UC Irvine

Combination therapies have improved outcomes for patients with acute myeloid leukemia (AML). However, these patients still have poor overall survival. Although many combination therapies are identified with high-throughput screening (HTS), these approaches are constrained to disease models that can be grown in large volumes (e.g., immortalized cell lines), which have limited translational utility. To identify more effective and personalized treatments, we need better strategies for screening and exploring potential combination therapies.
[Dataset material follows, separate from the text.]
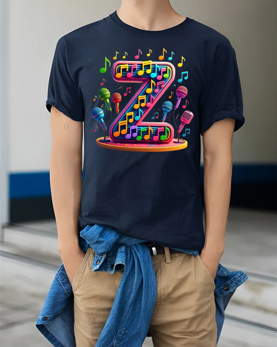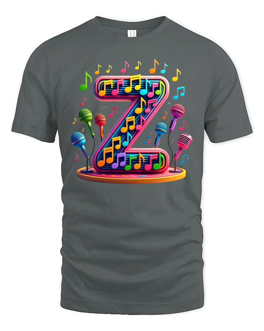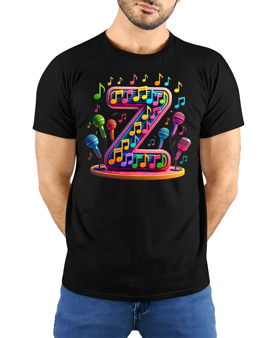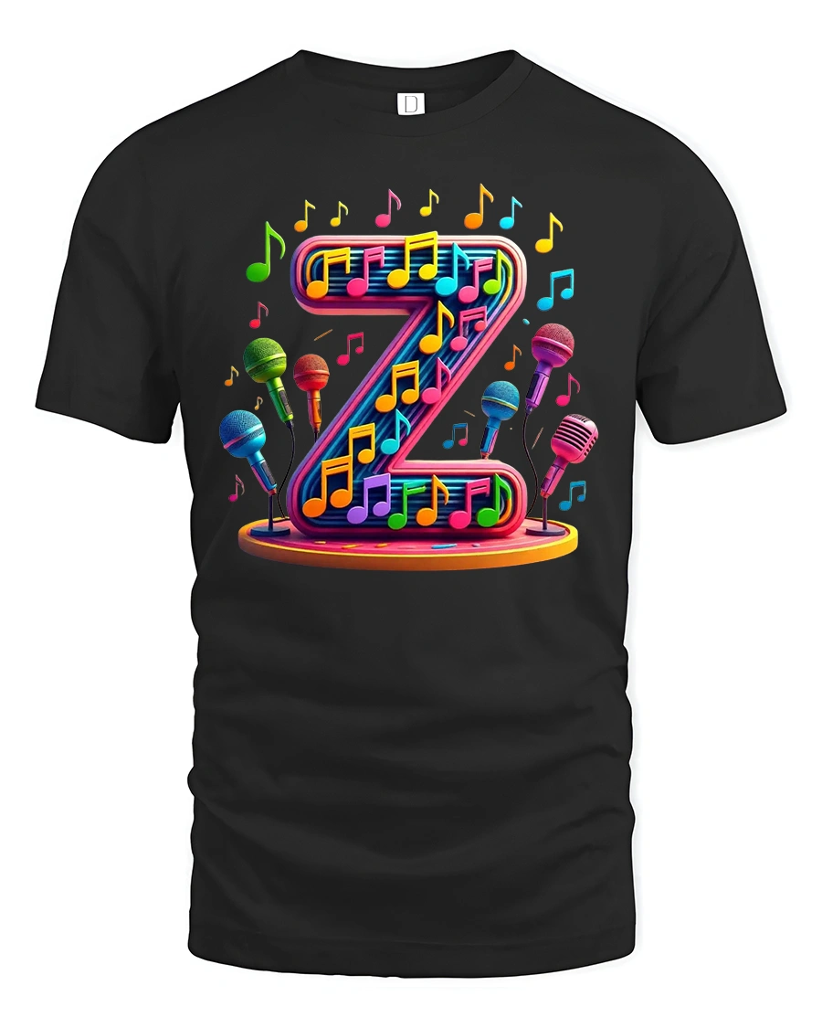 Be the first to review “Colorful Letter Z Music Notes Microphone Graphic Art T-Shirt” Cancel reply

In this work, our objective was to develop an HTS platform for identifying effective combination therapies with highly translatable ex vivo disease models that use size-limited, primary samples from patients with leukemia (AML and myelodysplastic syndrome). We developed a system, ComboFlow, that comprises three main components: MiniFlow, ComboPooler, and AutoGater. MiniFlow conducts ex vivo drug screening with a miniaturized flow-cytometry assay that uses minimal amounts of patient sample to maximize throughput. ComboPooler incorporates computational methods to design efficient screens of pooled drug combinations. AutoGater is an automated gating classifier for flow cytometry that uses machine learning to rapidly analyze the large datasets generated by the assay. By integrating these three tools, we used ComboFlow to efficiently screen over 3000 drug combinations across 20 patient samples using only 6 million cells per patient sample. ComboFlow identified known synergies as well as a novel synergistic drug combination, dactinomycin and fludarabine, that specifically kills leukemic cells in a subset of AML samples. ComboFlow enables exploration of massive landscapes of drug combinations that were previously inaccessible in ex vivo models. We envision that ComboFlow can be used to discover more effective and personalized combination of small molecule therapies for cancers amenable to ex vivo models.

Lastly, to move beyond the discovery of synergistic small molecule therapies, we then developed a “priming” therapy approach to identify more effective combinations for antigen directed therapies (like mABs, ADCs, and CAR-Ts). With this approach, “priming” agents are used to selectively enhance the expression of antigen targets on cancerous cells while sparing healthy tissue. By amplifying the difference in antigen expression level between cancerous and healthy cells, priming agents can potentially increase the sensitivity of cancerous cells to antigen directed therapy and improve their therapeutic window. We show that HTS flow cytometry assays can be used to screen for priming agents that modulate expression levels of antigen targets for hematologic malignancies. We further identify priming agents that restore expression of cancer antigens that are lost after treatment with antigen directed therapy and demonstrate that priming is a powerful combination approach for improving the efficacy of antigen directed therapies.